● What needs to be done: Up to and including the line holding "A sophisticated outdoor", write out the data exactly from its first line, but not the pictures.

● Records for the exercise:

* * * * * * *

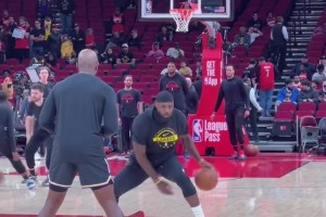 经典动作詹姆斯vs火箭赛前定点运球热身~
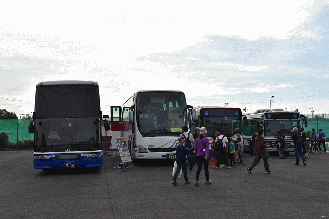 3社局4台のバスが展示されていました。他にグッズ販売コーナーがあり、保線用車両の乗車体験も実施されていました。
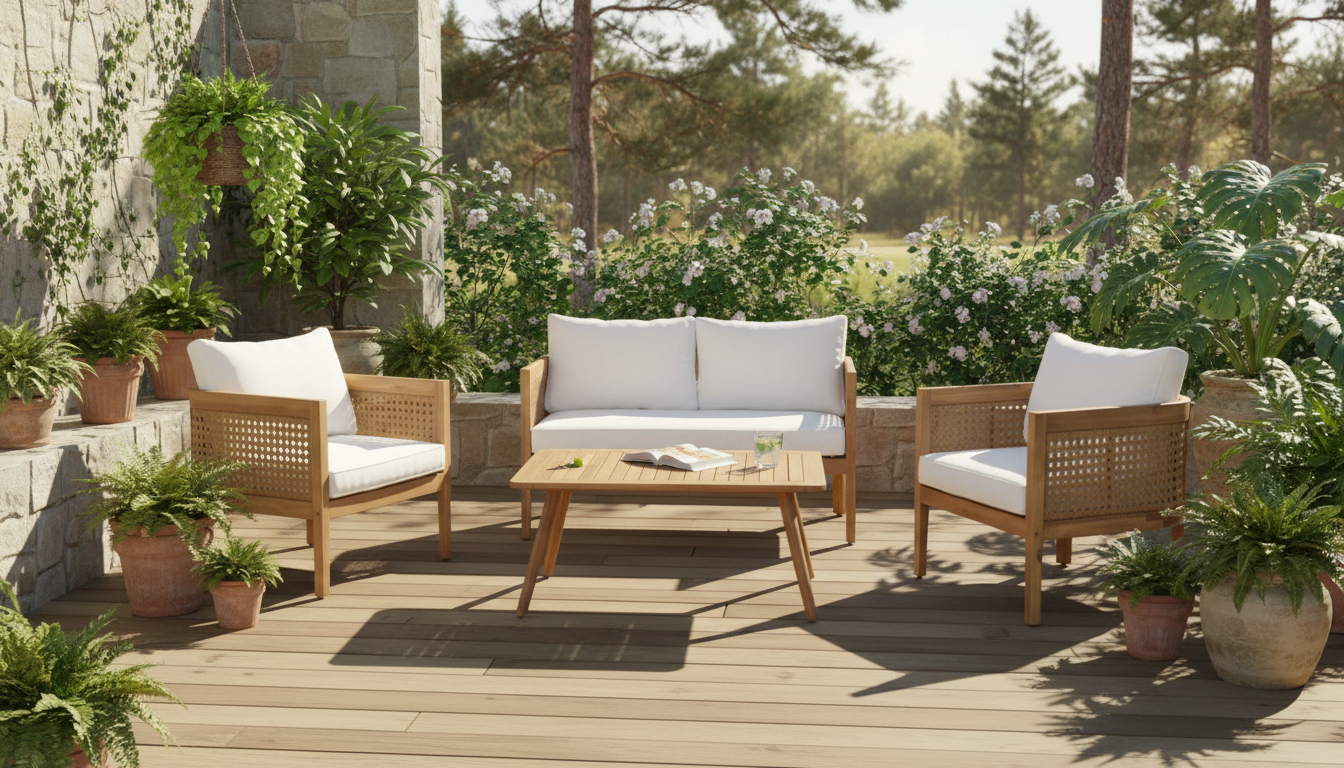 A sophisticated outdoor furniture collection featuring acacia wood frame with contemporary geometric lattice design and premium cushioning. Includes a spacious three-seater sofa, matching armchair, and wooden coffee table - ideal for modern outdoor living spaces.
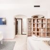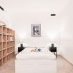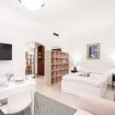 La zona giorno, studiata per ottimizzare ogni centimetro, ospita un letto matrimoniale accogliente, ideale per garantire un riposo rigenerante. L'armadio capiente offre ampio spazio per un'organizzazione impeccabile del guardaroba, mentre il divano, posizionato strategicamente di fronte alla smart TV, invita a momenti di relax e svago. L'illuminazione, studiata per creare un'atmosfera calda e accogliente, accentua il carattere intimo e confortevole dell'appartamento.
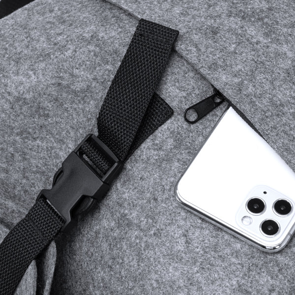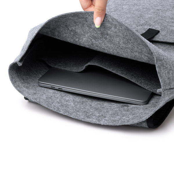 Fabricada em feltro reciclado, esta mochila com aba oferece uma capacidade de 21 Litros e dimensões generosas de 39cm/11cm/50cm.
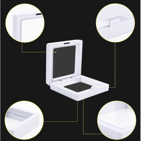 Ramka, do której można włożyć dowolny przedmiot, o ile zmieści się w ramce. Dzięki przezroczystej folii pamięciowej ramkę można używać wielokrotnie. Po zamknięciu ramki folia z obu stron otacza i chwyta wystawiany przedmiot, który następnie sprawia wrażenie, że wisi (pływa) w powietrzu. Możesz wystawić ulubioną figurkę, muszelkę jako pamiątkę z wakacji, włożyć tylko zdjęcie, bilet na koncert, który był najlepszym przeżyciem w życiu i wiele innych rzeczy, które przyjdą Ci do głowy. To super sposób na przechowywanie i wystawianie nawet biżuterii, okularów.
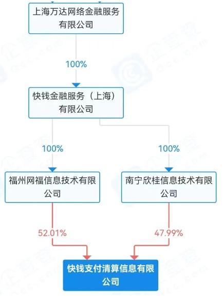 據了解,快錢金融是持牌支付機構快錢支付的間接控股股東。企查查顯示,快錢支付大股東為福州網福信息技術有限公司,持股52.01%;南寧欣桂信息技術有限公司持股47.99%。2家公司均為快錢金融全資子公司,快錢金融則為上海萬達網絡金融服務全資子公司,上海萬達網絡金融大股東為大連萬達集團,持股比例91.95%。
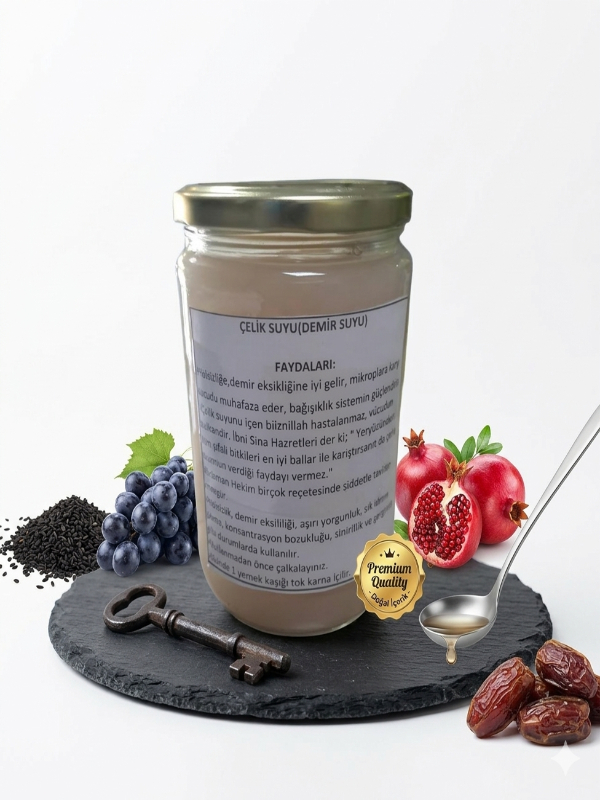 Geleneksel tıp literatüründe "Çelik Suyu" olarak anılan bu özel formül, adını insan vücudunu bir çelik kadar dayanıklı ve kuvvetli hale getirme özelliğinden alır. İbni Sina’dan Lokman Hekim’e kadar kadim hekimlerin reçetelerinde en üst sırada yer alan Demir Suyu, modern yaşamın getirdiği kronik yorgunluk ve demir eksikliğiyle mücadele etmek için tasarlanmış doğal bir iksirdir.
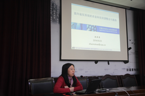 中国农科院农业信息研究所数字图书馆研究与建设部主任赵瑞雪研究员作“面向区域的农业科技信息资源整合与服务”报告
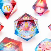 The Liquid Core dice set stands out with its sharp-edged design, ensuring fairness in rolling, paired with the captivating movement of mica within the liquid core. This combination not only looks spectacular but also adds an element of magical realism to your gameplay.
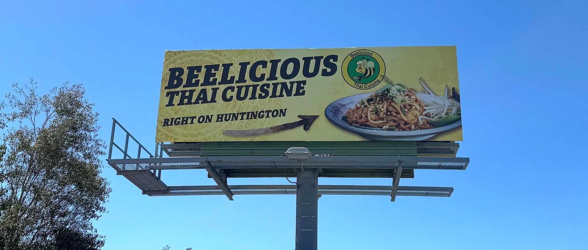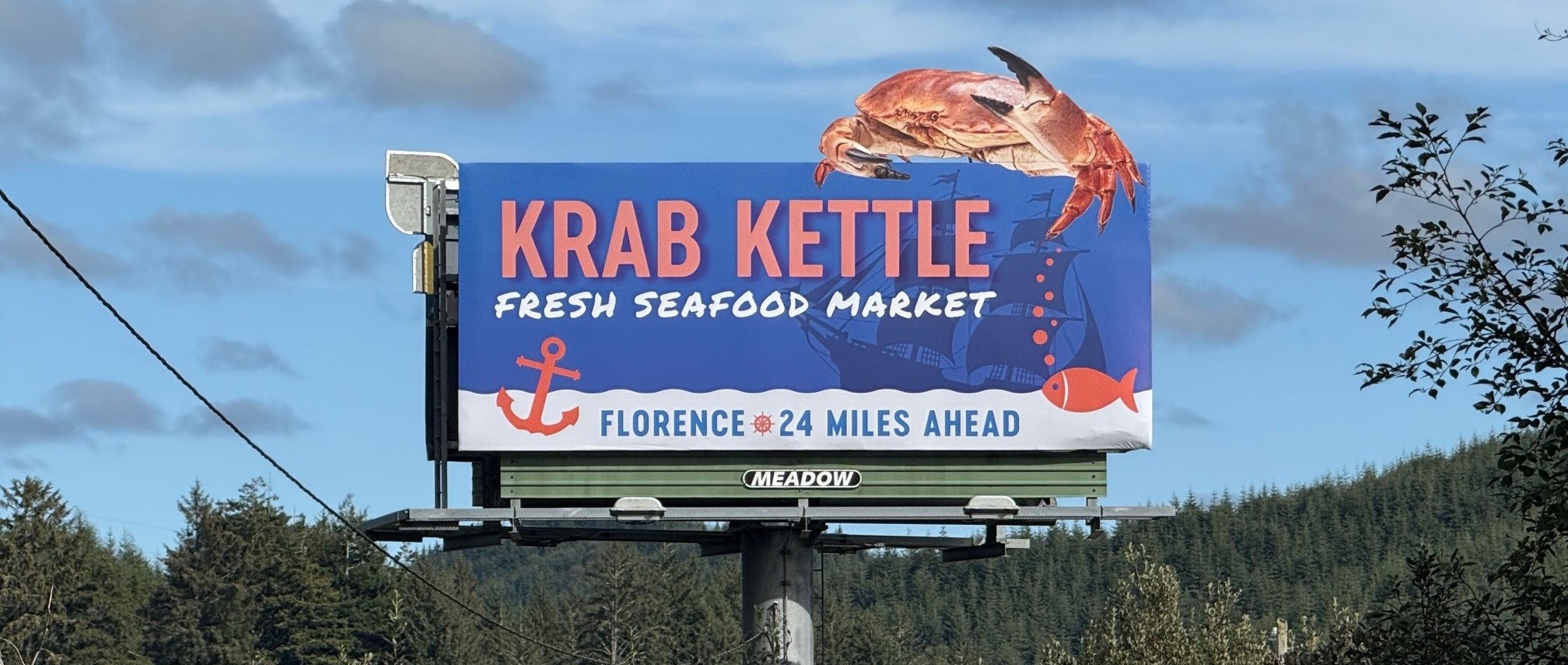 When do you not need a giant crab extension? It would improve any design! This extension was particularly well executed by our crew because of the cut-out section between the bottom of the crab and the top of the billboard. Additionally, most of the billboard is taken up with imagery, not text, as every good billboard should be!
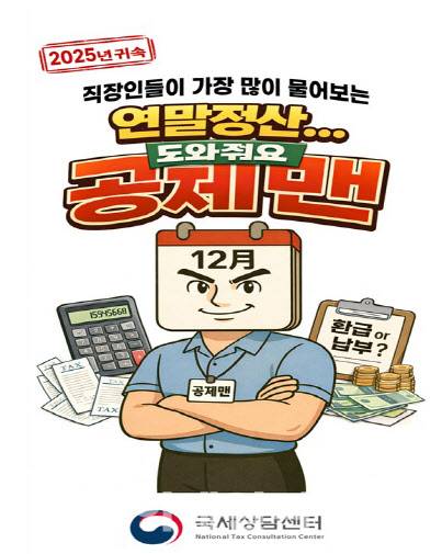 국세청이 선보인 ‘연말정산 도와줘요 공제맨’ 콘텐츠는 4컷 만화, 유튜브 숏츠영상으로 제공되고 있다. ‘공제맨’을 통해 근로자가 헷갈릴 수 있는 대표적인 연말정산 고민 사례 12개를 뽑아 제작했다.
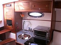 Fixed double bed in cabin under the rear sun deck/cockpit, accessed via the saloon/galley area (please note that this cabin has restricted headroom only). For alternative sleeping the settee area can convert to a double bed or 2 singles. Diesel-fired warm air heating. Easy access from the stern. Inverter provides 240V power (max 2000W) with 3 pin standard plug socket. Colour TV/DVD player, CD/Radio.
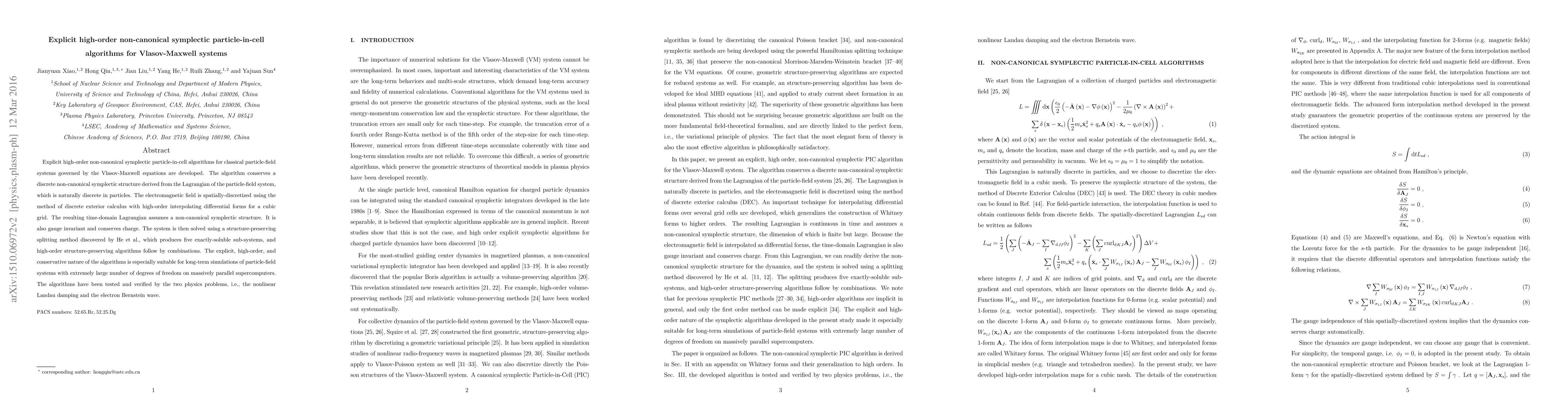 Explicit high-order non-canonical symplectic particle-in-cell algorithms for classical particle-field systems governed by the Vlasov-Maxwell equations are developed. The algorithm conserves a discrete non-canonical symplectic structure derived from the Lagrangian of the particle-field system, which is naturally discrete in particles. The electromagnetic field is spatially-discretized using the method of discrete exterior calculus with high-order interpolating differential forms for a cubic grid. The resulting time-domain Lagrangian assumes a non-canonical symplectic structure. It is also gauge invariant and conserves charge. The system is then solved using a splitting method discovered by He et al., which produces five exactly-soluable sub-systems, and high-order structure- preserving algorithms follow by combinations. The explicit, high-order, and conservative nature of the algorithms is especially suitable for long-term simulations of particle-field systems with extremely large number of degrees of freedom on massively parallel supercomputers. The algorithms have been tested and verified by the two physics problems, i.e., the nonlinear Landau damping and the electron Bernstein wave.
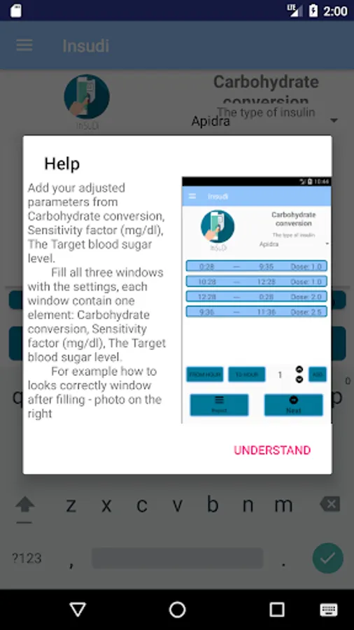 Insudi - (Insuline Sugar Disease) is a calculator for type 1 diabetics, which allows you to calculate the required insulin dose taking into account the necessary parameters. In a simple and quick way, calculate your needs and keep a diary, which will facilitate consultation with a doctor or control of the illness of your loved ones.
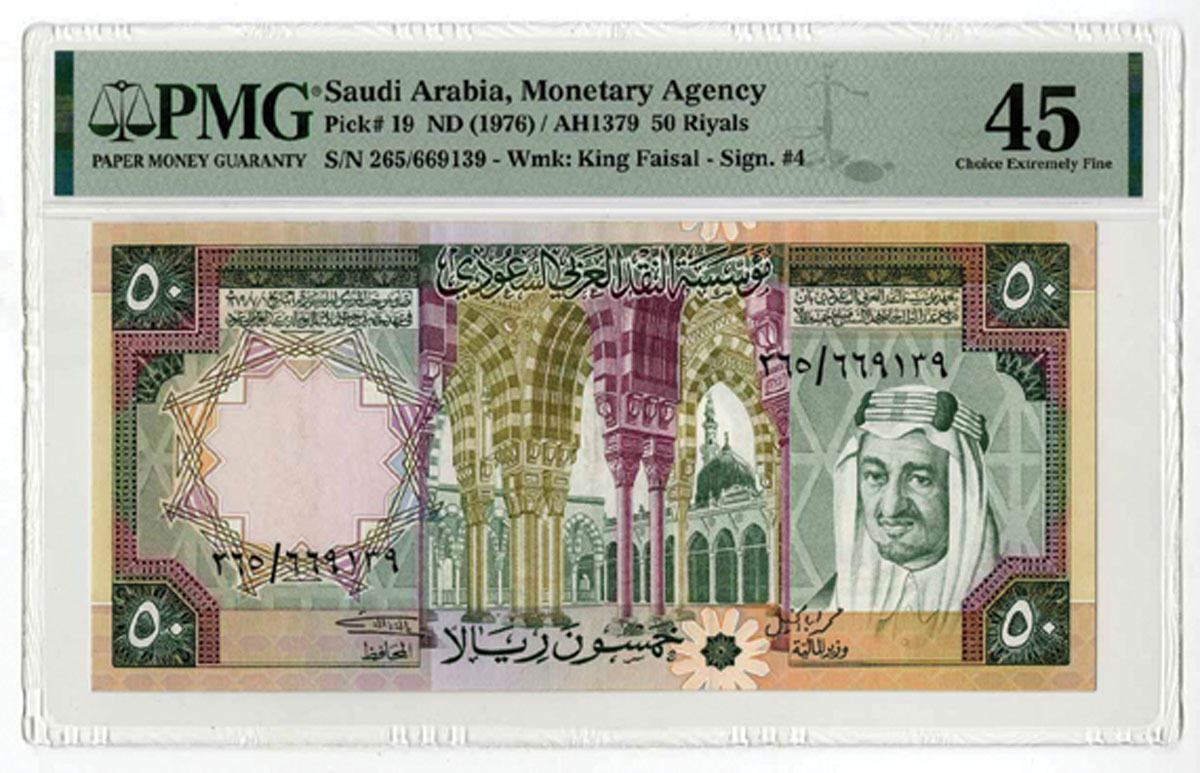 Saudi Arabia, ND (1976)/AH1379. 50 Riyals, P-19, Issued Banknote, Green purple and brown on m/c underprint with portrait of King Faisal at right, Back is green on m/c with mosque courtyard at center, S/N 265/669139, PMG graded Choice Extremely Fine 45.

* * * * * * *

● Result of this task:
 经典动作詹姆斯vs火箭赛前定点运球热身~
 3社局4台のバスが展示されていました。他にグッズ販売コーナーがあり、保線用車両の乗車体験も実施されていました。
 A sophisticated outdoor furniture collection featuring acacia wood frame with contemporary geometric lattice design and premium cushioning. Includes a spacious three-seater sofa, matching armchair, and wooden coffee table - ideal for modern outdoor living spaces.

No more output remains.